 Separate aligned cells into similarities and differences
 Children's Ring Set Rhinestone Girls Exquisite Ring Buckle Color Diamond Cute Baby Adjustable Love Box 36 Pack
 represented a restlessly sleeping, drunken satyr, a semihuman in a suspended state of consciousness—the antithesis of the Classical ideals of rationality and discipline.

---

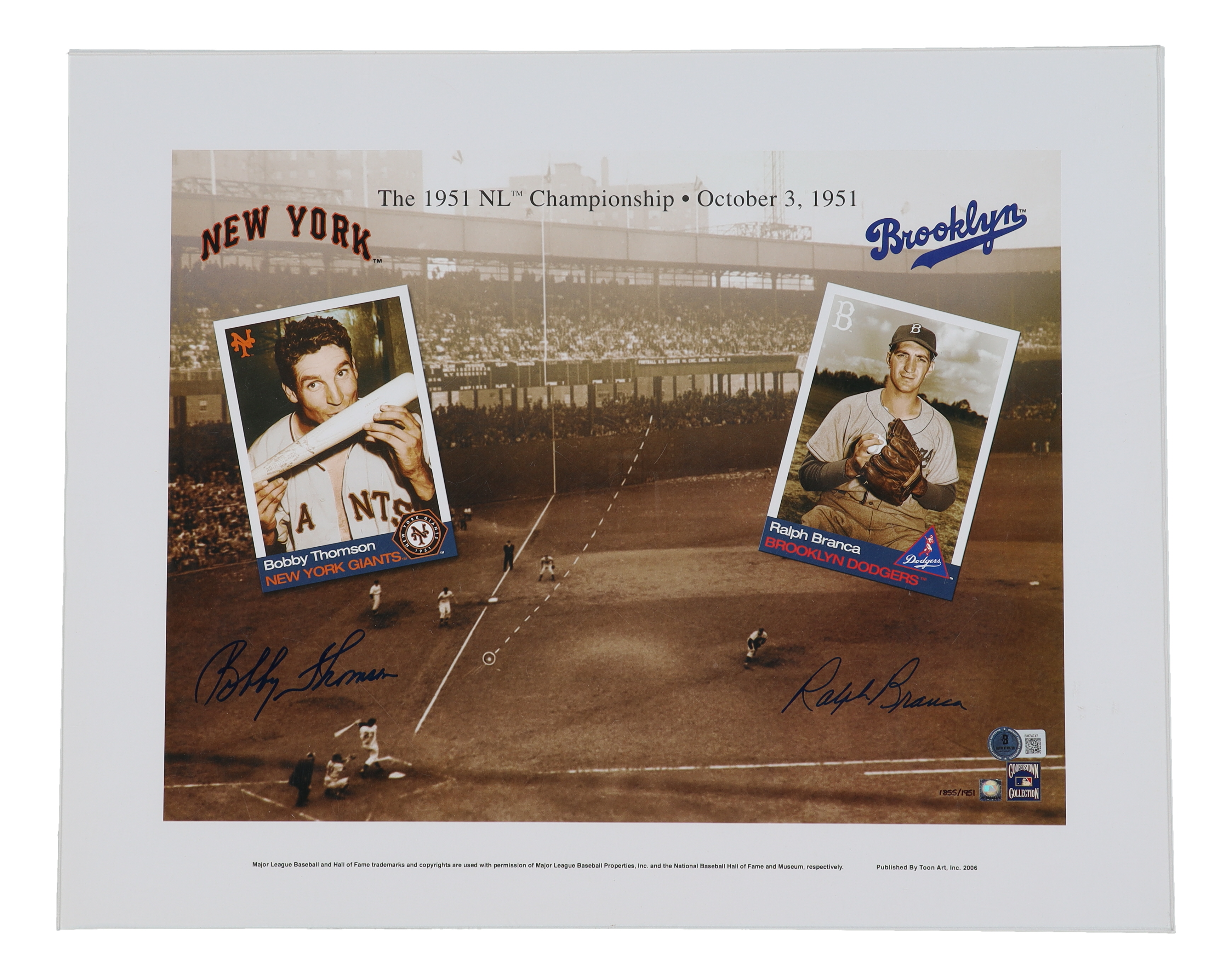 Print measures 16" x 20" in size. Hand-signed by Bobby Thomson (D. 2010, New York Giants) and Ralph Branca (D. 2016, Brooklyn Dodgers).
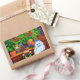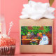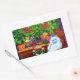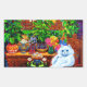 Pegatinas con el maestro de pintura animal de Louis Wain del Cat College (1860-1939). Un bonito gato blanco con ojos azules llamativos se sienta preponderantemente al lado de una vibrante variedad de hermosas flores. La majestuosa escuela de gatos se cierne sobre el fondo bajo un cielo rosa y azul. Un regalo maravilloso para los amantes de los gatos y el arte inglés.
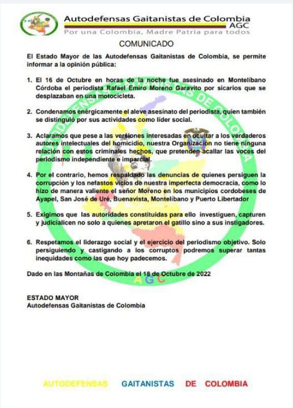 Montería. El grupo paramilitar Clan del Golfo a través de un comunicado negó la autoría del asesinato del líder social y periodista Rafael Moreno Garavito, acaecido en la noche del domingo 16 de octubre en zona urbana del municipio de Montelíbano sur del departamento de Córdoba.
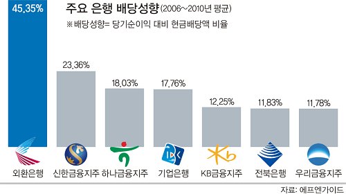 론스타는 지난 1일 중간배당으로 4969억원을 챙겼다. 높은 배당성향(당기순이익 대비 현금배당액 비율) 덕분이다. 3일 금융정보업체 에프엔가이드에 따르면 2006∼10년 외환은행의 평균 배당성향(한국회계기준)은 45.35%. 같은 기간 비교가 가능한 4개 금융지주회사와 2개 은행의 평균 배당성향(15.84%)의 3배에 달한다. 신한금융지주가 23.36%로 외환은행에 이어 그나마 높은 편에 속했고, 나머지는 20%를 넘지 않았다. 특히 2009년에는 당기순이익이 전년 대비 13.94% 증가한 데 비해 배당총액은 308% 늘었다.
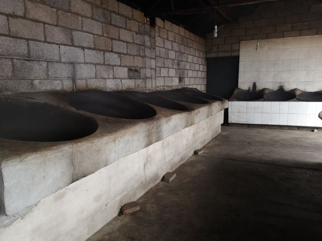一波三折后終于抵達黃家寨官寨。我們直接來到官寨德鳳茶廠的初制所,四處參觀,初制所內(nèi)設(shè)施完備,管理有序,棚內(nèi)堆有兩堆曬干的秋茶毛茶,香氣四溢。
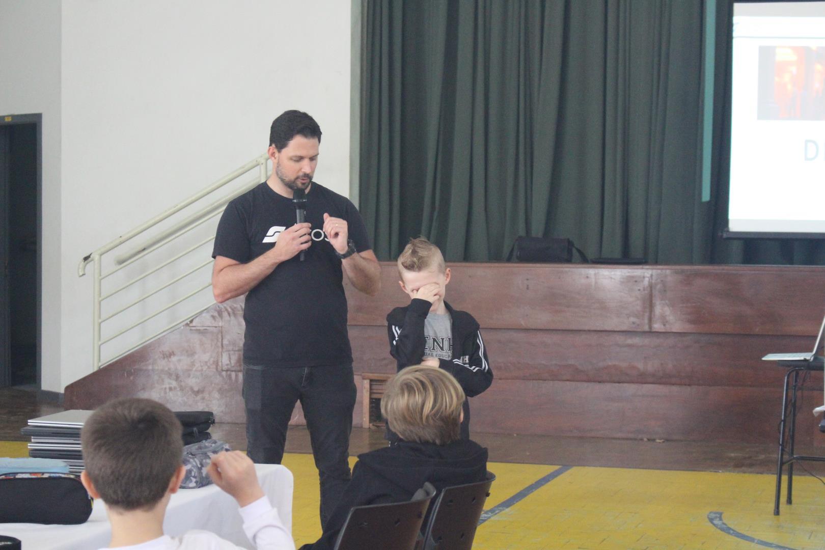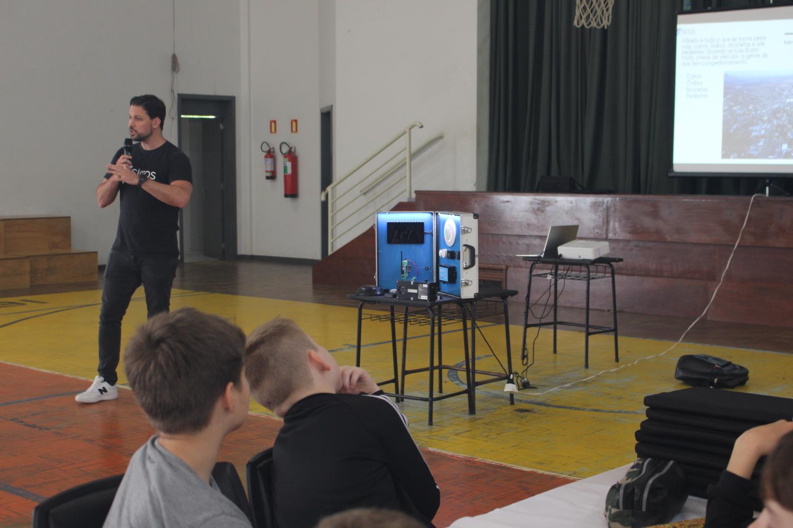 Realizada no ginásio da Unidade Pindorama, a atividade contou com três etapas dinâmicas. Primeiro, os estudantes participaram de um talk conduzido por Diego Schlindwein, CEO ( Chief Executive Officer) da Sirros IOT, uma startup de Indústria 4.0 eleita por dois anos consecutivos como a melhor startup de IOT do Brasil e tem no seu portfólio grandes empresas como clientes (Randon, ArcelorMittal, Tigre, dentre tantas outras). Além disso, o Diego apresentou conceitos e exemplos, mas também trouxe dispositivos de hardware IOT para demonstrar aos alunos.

---

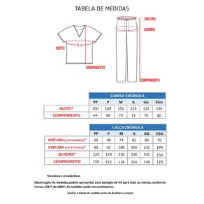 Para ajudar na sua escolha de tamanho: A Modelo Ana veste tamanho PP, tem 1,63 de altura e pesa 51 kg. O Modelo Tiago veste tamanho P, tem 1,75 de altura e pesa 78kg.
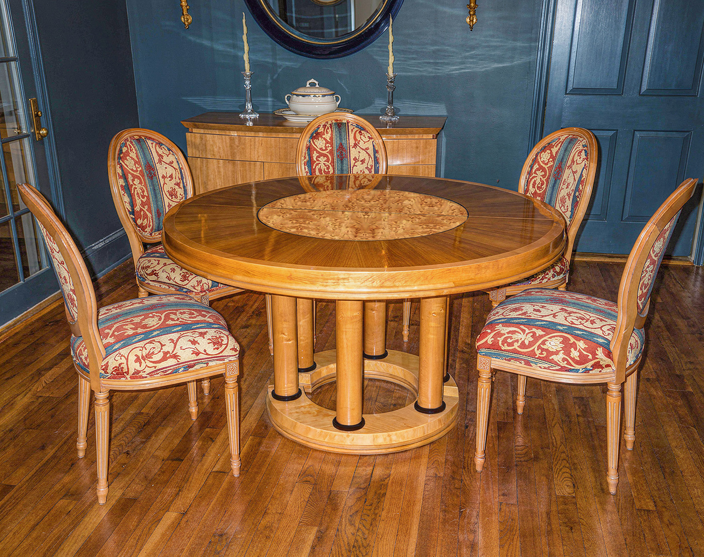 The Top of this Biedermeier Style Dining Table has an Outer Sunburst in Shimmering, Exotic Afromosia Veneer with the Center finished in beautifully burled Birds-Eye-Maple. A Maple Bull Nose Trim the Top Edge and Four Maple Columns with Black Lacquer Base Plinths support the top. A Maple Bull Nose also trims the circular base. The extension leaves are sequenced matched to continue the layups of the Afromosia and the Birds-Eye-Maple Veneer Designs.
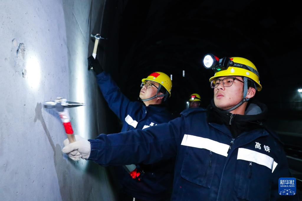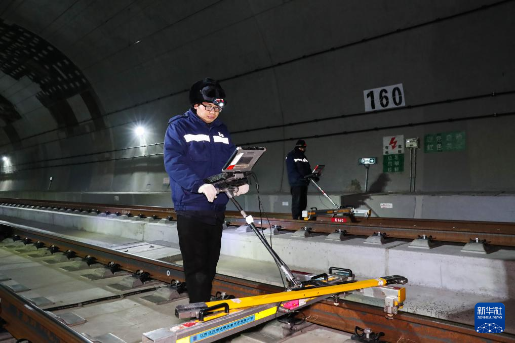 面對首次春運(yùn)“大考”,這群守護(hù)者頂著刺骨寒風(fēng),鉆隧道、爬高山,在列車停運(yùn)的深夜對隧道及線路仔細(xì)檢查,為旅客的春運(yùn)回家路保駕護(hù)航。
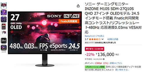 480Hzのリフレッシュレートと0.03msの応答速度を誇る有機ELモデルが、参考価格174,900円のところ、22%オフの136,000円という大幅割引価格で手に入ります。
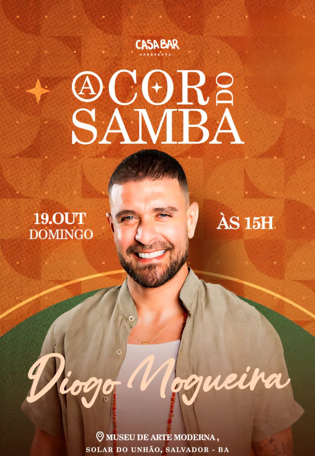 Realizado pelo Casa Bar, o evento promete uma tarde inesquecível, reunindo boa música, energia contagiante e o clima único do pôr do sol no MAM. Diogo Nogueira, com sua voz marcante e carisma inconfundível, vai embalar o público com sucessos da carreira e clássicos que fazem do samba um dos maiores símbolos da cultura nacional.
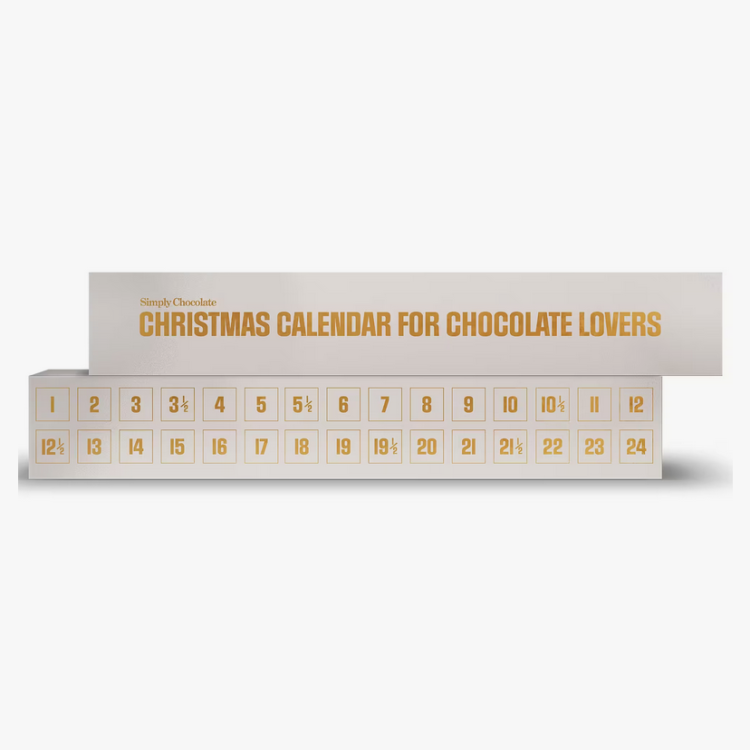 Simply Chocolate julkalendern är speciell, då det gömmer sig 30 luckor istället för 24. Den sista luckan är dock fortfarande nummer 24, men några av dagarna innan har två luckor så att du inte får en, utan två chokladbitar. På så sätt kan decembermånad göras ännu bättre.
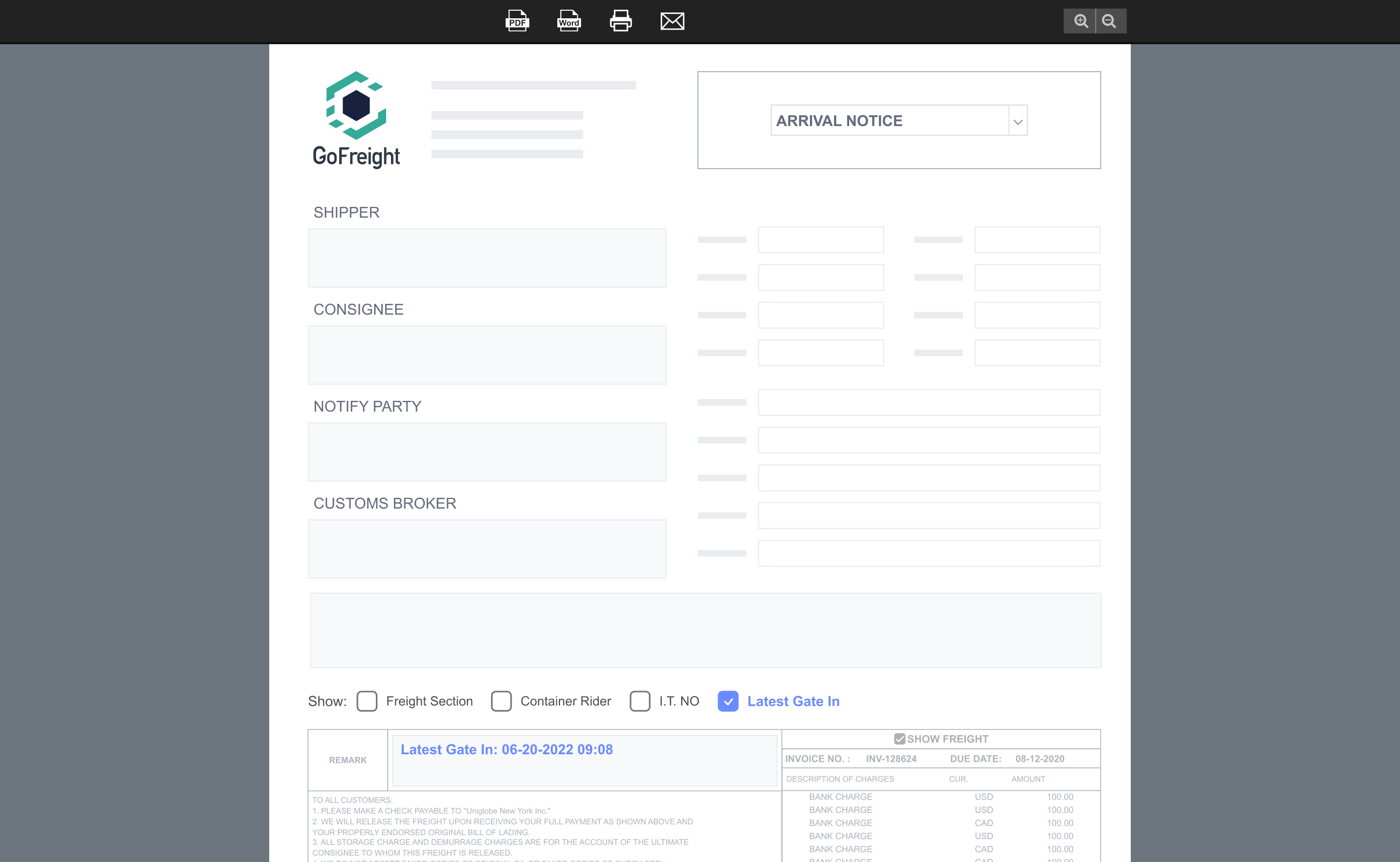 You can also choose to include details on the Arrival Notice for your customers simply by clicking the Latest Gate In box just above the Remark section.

▶ _PROBLEM DETAILS_: The entries above hold a line with "Children's Ring Set" and a later line with "represented a restlessly". Write out exactly those lines and all lines between, nothing more.

▶ _RESPONSE FOR THIS EXERCISE_:
 Children's Ring Set Rhinestone Girls Exquisite Ring Buckle Color Diamond Cute Baby Adjustable Love Box 36 Pack
 represented a restlessly sleeping, drunken satyr, a semihuman in a suspended state of consciousness—the antithesis of the Classical ideals of rationality and discipline.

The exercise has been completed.